There’s an interesting dynamic among the wholesome threesome—Dew, Watson and Nelson—which I personally cannot untangle precisely, so I will ask the blog readership for their views. First, all three seem to have very strong opinions on traditional marriage and family. Watson published a book on marriage before she herself was married and helped many LDS couples with their relationships. This is not at all surprising, nor especially interesting at present. Her husband has been somewhat outspoken on traditional marriage. Nelson spoke at the white house on one occasion to defend traditional one-man/one-woman marriage.
He’s signed the petition by the “Religious Coalition for Marriage” including "a Letter from America's Religious Leaders in Defense of Marriage" demanding that the Constitution of the United States of America be amended to ban legalized same-sex marriage and define marriage "as the exclusive union of one man and one woman."
Nelson has spoken out against same-sex marriage:
"If civil law were altered to recognize so-called "same-gender" marriage, you as believers in God, and keepers of His commandments, would then be regarded as exceptions to the rule...In truth dear brothers and sisters, if you lose marriage, you also lose freedom of religion. Atheistic moral bedlam and religious repression go hand in hand. At stake is our ability to transmit to the next generation the life-giving and inseparable culture of marriage and the free exercise of religion."

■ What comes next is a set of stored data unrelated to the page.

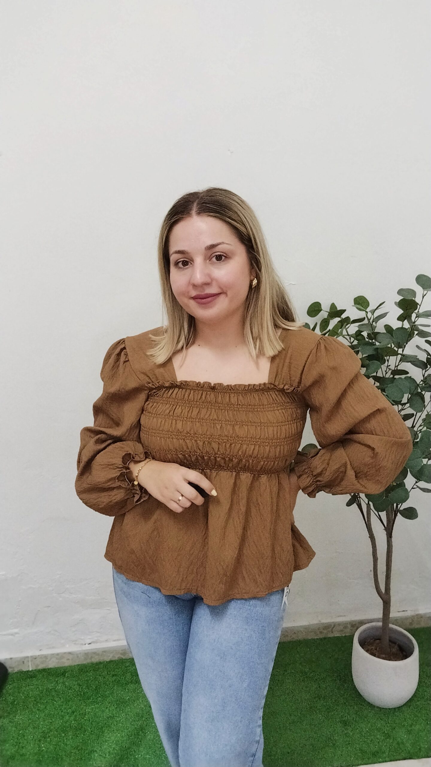 Blusa de manga larga en color marrón. Tejido nido de abeja elástico en la zona del pecho y espalda, por lo que estira y da mucha talla. Manga larga ligeramente abullonada con elástico en los puños. Talla única, abarcaría desde la talla S hasta la talla XL sin problema.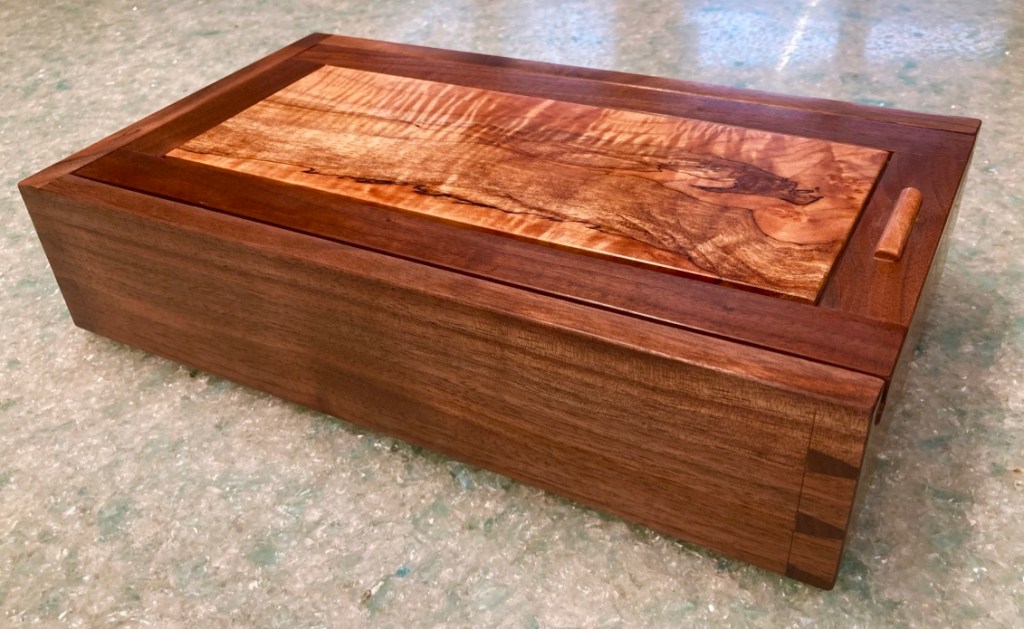 When my close friend’s daughter got married recently, I made this small keepsake box as a present. She’s a wonderful young person, whom I have know since before she was born . . . over thirty years ago, I canoed in the Boundary Waters with her parents while her mom was pregnant.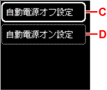 C:操作がされなかった場合やパソコンから印刷データが送られなかった場合に、自動的にプリンターの電源を切るまでの時間を設定します。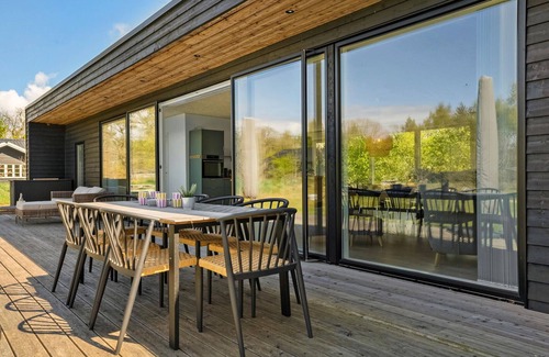 your elegant holiday home invites you to take a break where comfort, design and surroundings come together in an ideal way Enjoy the peaceful location not far from the nearest sandy beach and take in the clean lines and well thought-out architecture. Relax in the open-plan living area with its floor-to-ceiling windows and the harmonious interplay of wood, light and nature. Make yourself comfortable on the spacious sofa or lean back in the comfortable armchairs and enjoy the view of the greenery. Prepare your favourite dishes in the modern kitchen and serve them at the large dining table, ideal for long evenings with good food.

Dew has also been a strong opponent of gay marriage. In Meridian Magazine (archived here), in 2004, she lamented gay relationships and especially children raised by gay parents.
In that same article, Dews states she believes erosion of personal morals is a slippery slope that could destroy family values.
“ There were several statements that stood out for me in a dramatic and terrifying way, but one of the most sobering features of the entire article was a picture of two handsome, young men, getting “married.” What distressed me most was the fact that they were both holding an infant “daughter”–twin girls they had adopted. I was, frankly, heartsick. What kind of chance do those girls have being raised in that kind of setting? What will their understanding of men and women, marriage and families be? ”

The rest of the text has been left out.